On Tue, 03 Jun 2008 01:16:39 +0100, David Billington wrotD:

Impressive. Understand, however, when I said dead end I didn't mean that it was the equivanent of the stone axe.

Just That I could only see it being advantagous for one use.

It is like a machine for making files. It does one thing really well but it is not much use for any other.

Paul K. Dickman

Reply to
pkdickman

It's a process called Skiving.

Basically they use a thin sharp knife to slice each leaf from the base metal. Been used for years for heat sinks and such. The machine that does it looks like a shaper with a wood chisel for a tool. It pulls back, gets a bite and skives up one fin. Then it cycles and skives the next.

The advantage is that it's fast, cheap and once the tools are set up you just change the cutter and go.

Reply to
Steve W.

That's interesting, Steve. I've never heard of it before, but I guess I'm getting further behind all the time.

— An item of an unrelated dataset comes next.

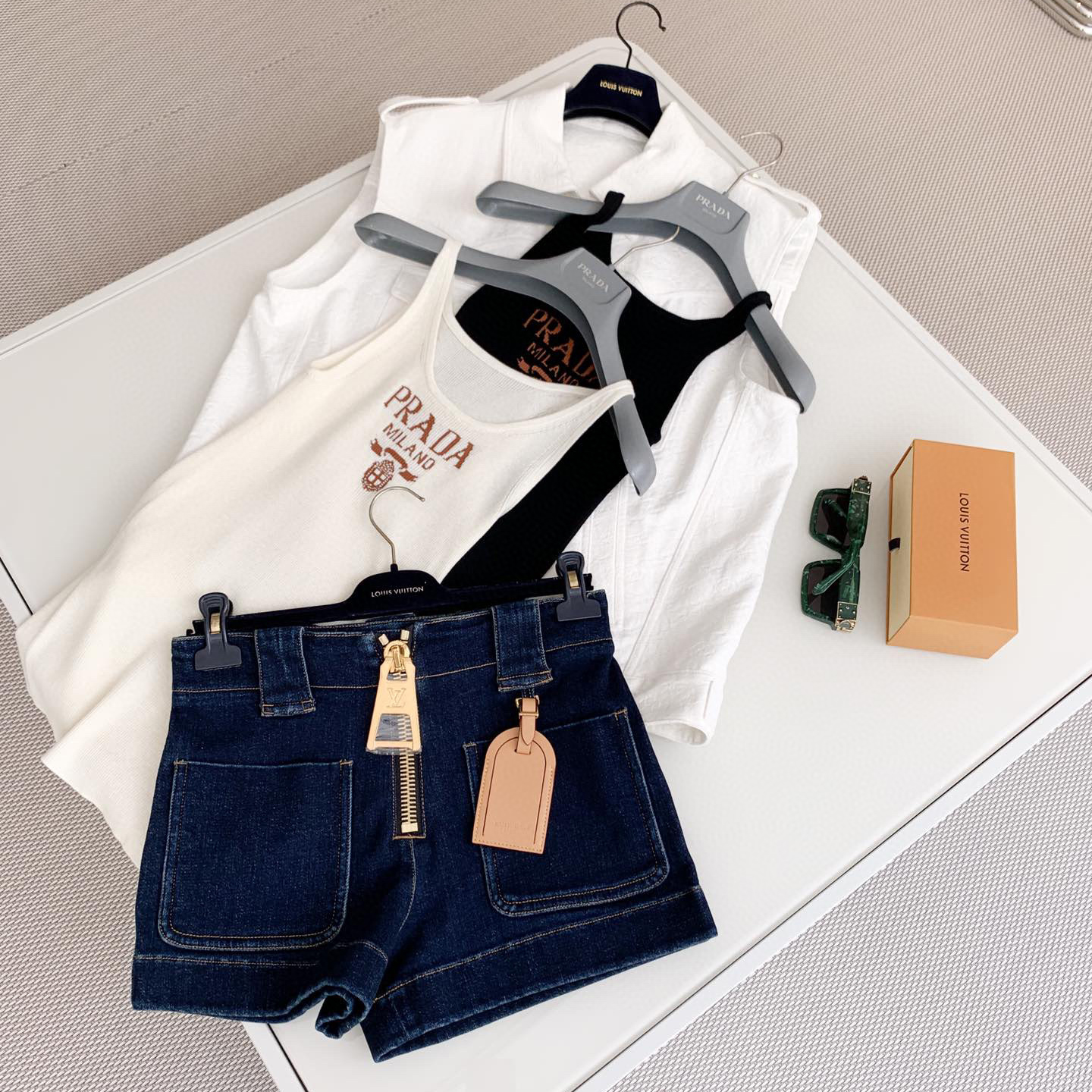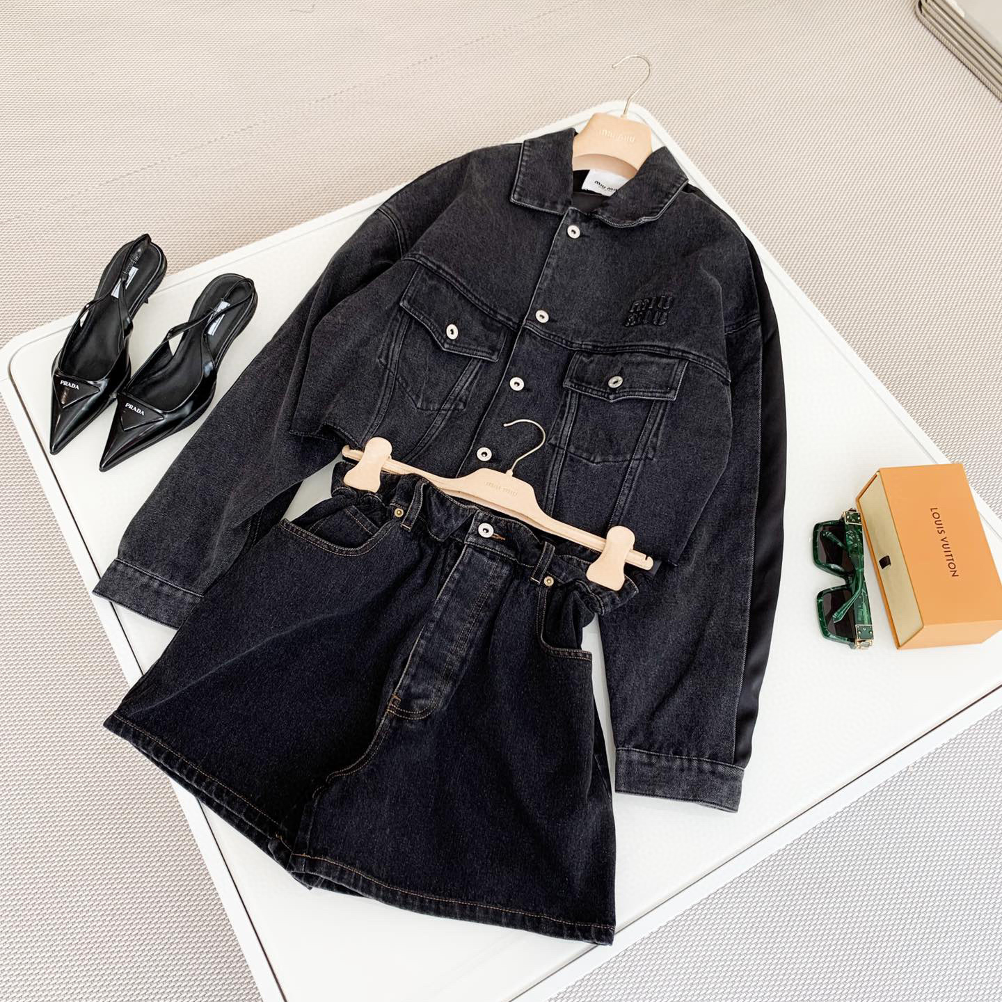 MIU MIU NIGO Woman Denim Short Long Sleeved Jacket Shorts Set pants #nigo21128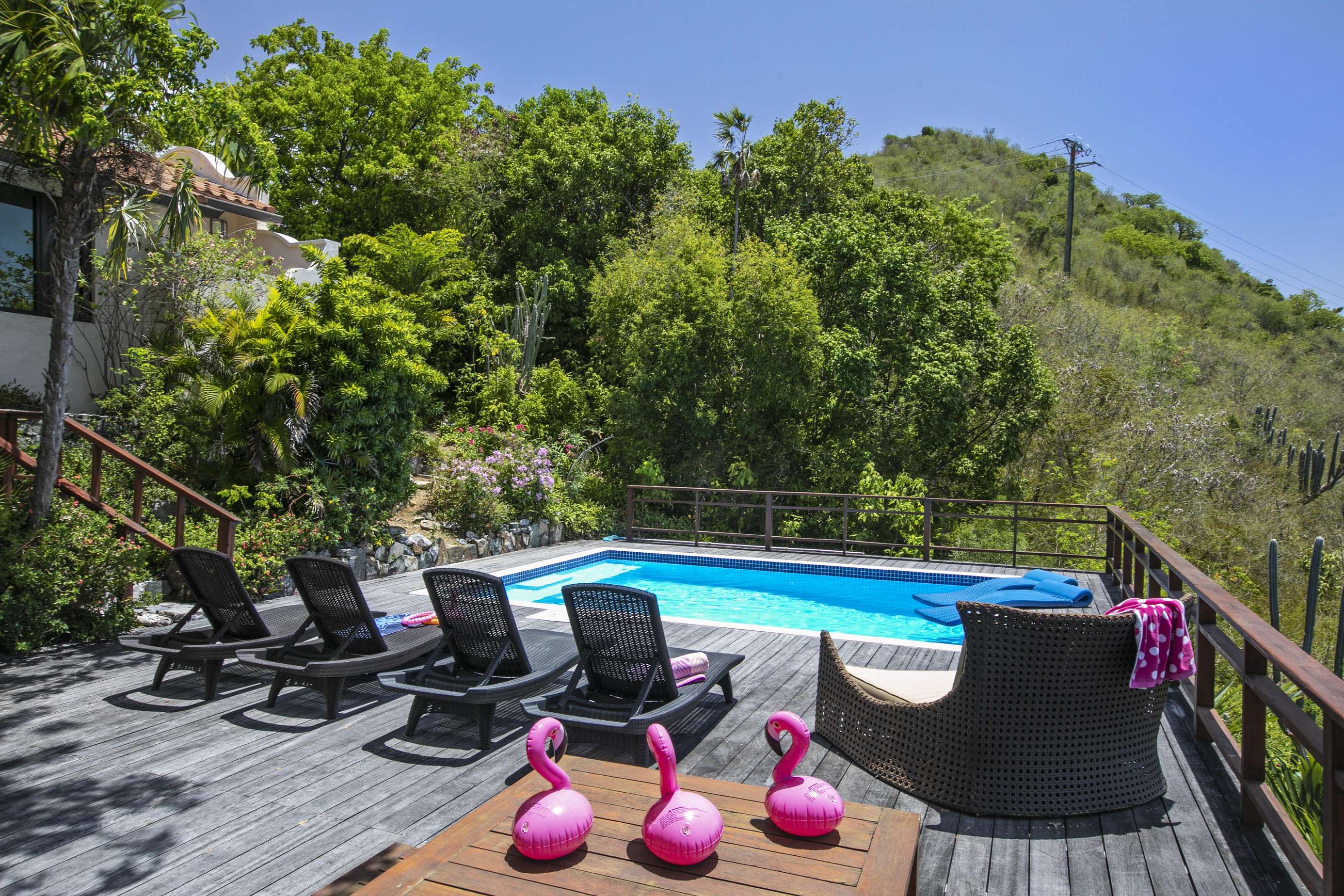 Gestalt’s fabulous (and spacious) pool and BBQ deck overlook the glistening channel towards Little Thatch and St John beyond. It’s a fabulous boat-watching spot as they drift in and out of Soper’s Hole Marina below. A private path leads the inquisitive explorer to a private dock (shared with neighbouring Blackbeard’s Hideaway) where you can snorkel and swim along the craggy coast. Like we said, it’s one of a kind.

One of the first articles I wrote for American Machinist was about skiving -- the older kind, done on a lathe. Making the tools was a hot new application for those brand-new inventions, wirecut EDMs. But the turning kind of skiving probably had its big day in the 1940s and '50s, before fancy profile grinders and multi-axis wire EDM made it practical and fairly cheap to make complex form tools with top rake and proper clearances.

-- Ed Huntress

Reply to
Ed Huntress

Found some websites with pictures.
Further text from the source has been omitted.